*** Begin section ***
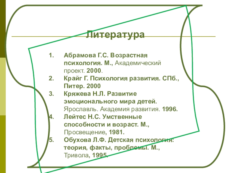 Обухова Л.Ф. Детская психология: теория, факты, проблемы. М., Тривола, 1995.
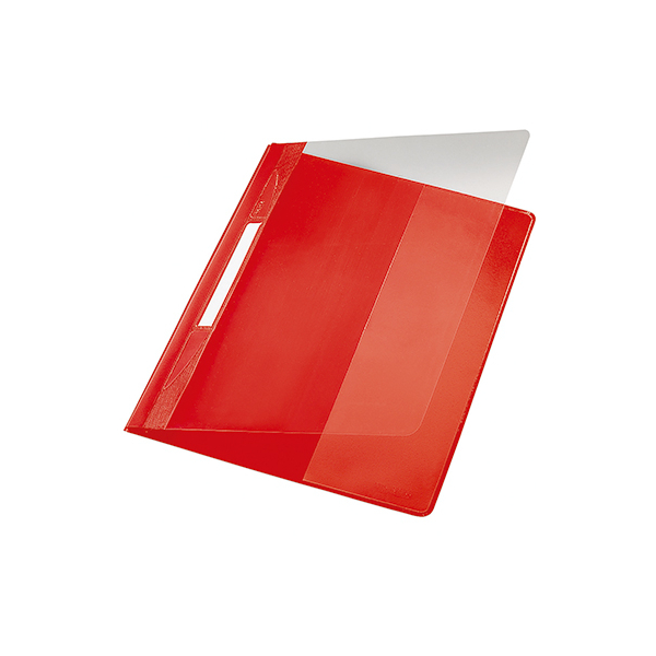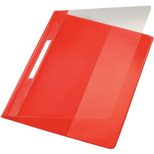 Leitz Exquisit 4194-00-25 Schnellhefter • Format: DIN A4+ • Farbe: rot • Vorderdeckel: transparent (= Sichthefter) • mit Beschriftungsfeld • Material: Polyvinylchlorid (PVC) 80 g/m² • Heftung: 1 x kaufmännische Heftung • Fassungsvermögen ca.: 250 Blatt
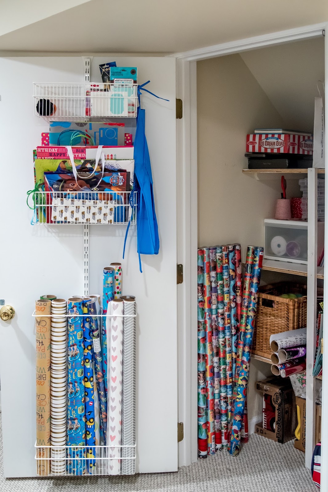 We are fortunate to have quite a few closets in our house. This has allowed me to have plenty of storage for a pantry, linens, seasonal decor, and even gifts. I turned one of our basement closets into a place to store all of my gift wrap as well as random gifts I buy throughout the year. While I use the shelves to house all my random gifts, I use the door to hold all my wrapping paper. No point wasting the door space!
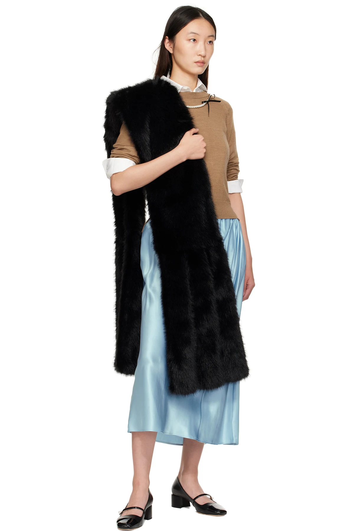 Simone Rocha Black Triple Slit Faux Fur Scarf
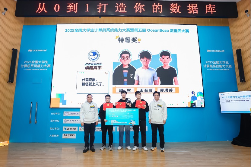 1月18日消息,今天下午,2025年全国大学生计算机系统能力大赛暨第五届OceanBase数据库大赛在北京科技大学落幕。本届赛事吸引全国高校的1223支队伍、2620名学生参赛。经过两个多月比拼,北邮「编程高手」队凭借在数据库内核优化与AI应用开发中的综合表现,夺得冠军及10万元奖金。
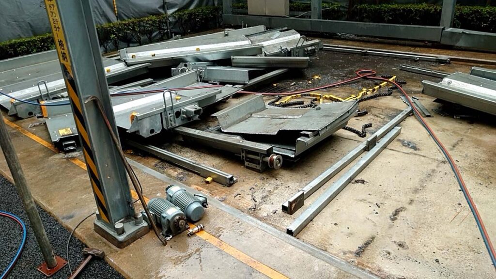 東京都世田谷区で、住宅が密集する環境の中、鉄骨造の機械式立体駐車場を安全に解体しました。(狭小地・近隣配慮対応)
*** End section ***
Exercise instructions
Write out the full listing verbatim, excluding its pictures.

Your solution
 Обухова Л.Ф. Детская психология: теория, факты, проблемы. М., Тривола, 1995.
 Leitz Exquisit 4194-00-25 Schnellhefter • Format: DIN A4+ • Farbe: rot • Vorderdeckel: transparent (= Sichthefter) • mit Beschriftungsfeld • Material: Polyvinylchlorid (PVC) 80 g/m² • Heftung: 1 x kaufmännische Heftung • Fassungsvermögen ca.: 250 Blatt
 We are fortunate to have quite a few closets in our house. This has allowed me to have plenty of storage for a pantry, linens, seasonal decor, and even gifts. I turned one of our basement closets into a place to store all of my gift wrap as well as random gifts I buy throughout the year. While I use the shelves to house all my random gifts, I use the door to hold all my wrapping paper. No point wasting the door space!
 Simone Rocha Black Triple Slit Faux Fur Scarf
 1月18日消息,今天下午,2025年全国大学生计算机系统能力大赛暨第五届OceanBase数据库大赛在北京科技大学落幕。本届赛事吸引全国高校的1223支队伍、2620名学生参赛。经过两个多月比拼,北邮「编程高手」队凭借在数据库内核优化与AI应用开发中的综合表现,夺得冠军及10万元奖金。
 東京都世田谷区で、住宅が密集する環境の中、鉄骨造の機械式立体駐車場を安全に解体しました。(狭小地・近隣配慮対応)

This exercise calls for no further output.